Writing things down does help a bit, but sometimes I get frustrated because I keep opening up to people and it feels like I'm just going around in circles.
I'm sure my family care about me, but they don't take most of the things I say seriously. They don't take any interest in how I really feel or what they can do to help. I've said before that I really need their support and encouragement, but nothing really changes.
I try to explain how things affect me. I've become more open with telling doctors and counsellors that I've been having thoughts of suicide and self-harm. I've admitted that there are days when I can't get out of bed to even eat or drink. If anyone was willing to talk to me for longer than a ten minute session, I'd also tell them about how my problems have affected my education, my relationships, and just about everything else.
I need to get a better idea of what I want to say to the mental health service, so writing it down might help. I've tried to call them once but I couldn't get an answer.

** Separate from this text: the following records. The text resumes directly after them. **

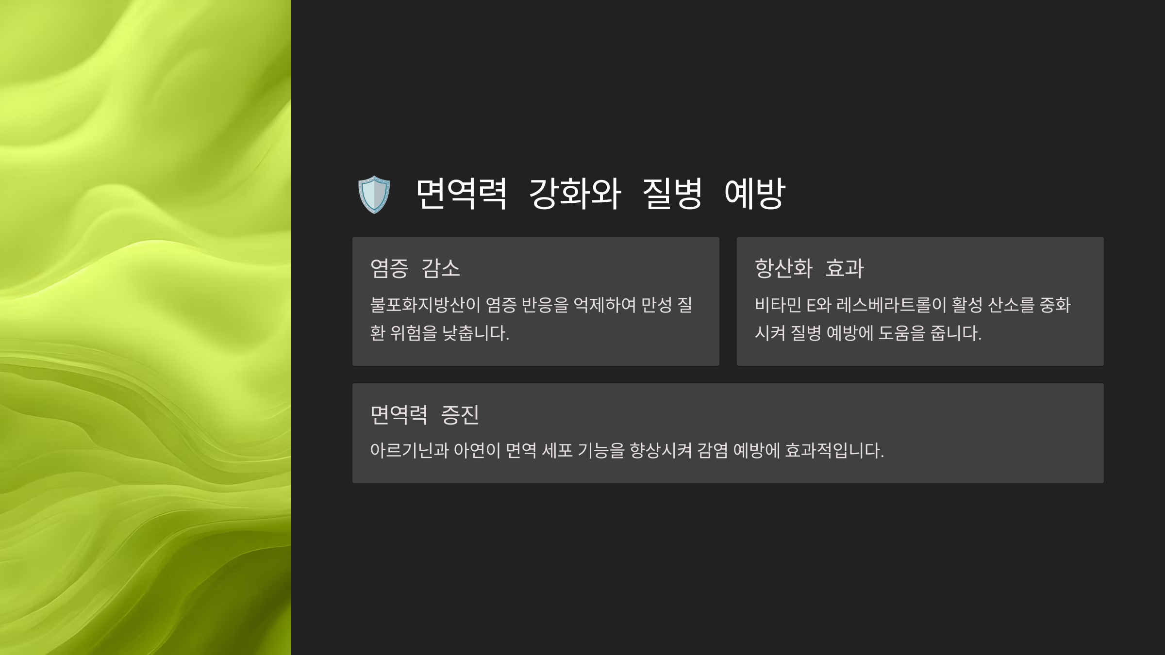 항체 생성 촉진 효과도 있어요. 땅콩의 단백질과 비타민 B6는 항체 생성에 필수적인 영양소로, 바이러스나 세균에 대한 특이적 면역 반응을 강화해요. 독감 백신 접종 후 땅콩을 섭취한 그룹의 항체 생성률이 더 높았다는 보고가 있어요.
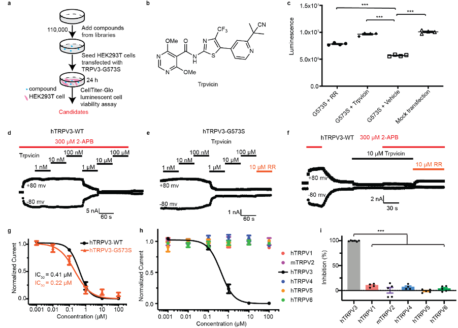 在该研究中,作者发现外源过表达致病突变体TRPV3_G573S会导致细胞死亡,并利用这一现象进行了小分子抑制剂的高通量筛选。通过筛选包含11万个化合物的分子库,作者最终鉴定出化合物Trpvicin是一种高亲和力TRPV3 拮抗剂(图1)。令人惊喜的是,Trpvicin对于同家族其他TRPV通道无明显的抑制作用,说明Trpvicin是一种潜在的具有亚型选择性的TRPV3抑制剂。
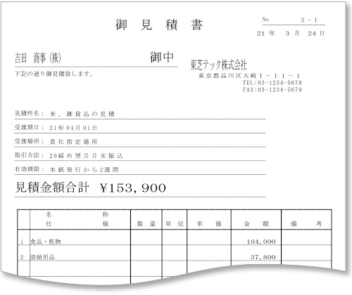 過去の見積書をベースに、簡単に見積書が作成可能。コクヨの見積書用紙(ウ-306)、及びA4用紙の出力に対応します。
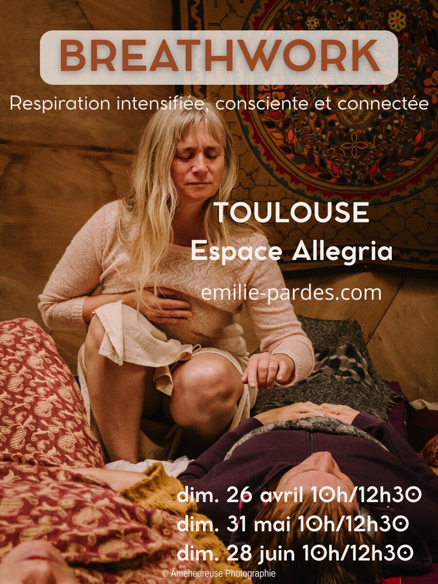 Dans ma pratique, il s’agit d’une séance de respiration intensifiée, consciente et connectée, issue de la respiration holotropique. Elle se réalise allongée, guidée par ma voix et la musique. Elle dure 2H30, dont 30mn de respiration active par la bouche.

I've been trying to call at least once a day but I can't get through and even if I did I'm worried that the service won't be very helpful. Even the way the doctor described them made them sound terrible. I try to do something I enjoy but I'm too stressed to do anything right now because I'm working during the holidays and uni is putting a lot of pressure on me.
How are you feeling now ? I am glad you feel able to telll others you’re getting thoughts of suicide and self harm and be so open with them!

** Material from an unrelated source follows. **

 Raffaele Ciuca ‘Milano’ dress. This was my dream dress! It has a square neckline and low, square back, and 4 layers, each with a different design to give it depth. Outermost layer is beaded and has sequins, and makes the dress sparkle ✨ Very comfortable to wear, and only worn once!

Is there a way you can feel less stressed or less pressure with uni or work? Stress can really affect us. And self care and breaks from it are always needed. I hope you’re okay
I'm sorry to hear you've been struggling with your emotions and feelings right now but it's great that you've asked for help from your GP and that you've tried to call up the service! Even if it is not the best of places to look for help, it could be encouraging to know you've put yourself out there, out of your comfort zone to seek help.
You mentioned how you like to write things down on your calendar etc. Perhaps you could also write down how your feeling too and get a few things off your chest, would that be an option? Writing down your feelings may help you come to terms with your emotions and can even be stress reliever. Of course, here at the Mix we're always here to listen and talk too if you need us.
-Nish
I have a mood tracker that allows me to write down my thoughts and feelings throughout the day, and I also spend some time writing stuff down on paper if I feel the need to rant or I'm trying to figure out my emotions. The Mix has also been a great way to get things off my chest so I really appreciate the support.
Thats a great healthy way of coping! Some find quite hard to say how theyre feeling and what not so its great you do. And theres always someone here to listen to you about anything. Hope youre enjoying your weekend!
Hey TheAprilFool,
It's really great to hear that you have these healthy ways of coming to terms with your feelings, anyway, how have you been feeling lately? Has your mood improved from the last time?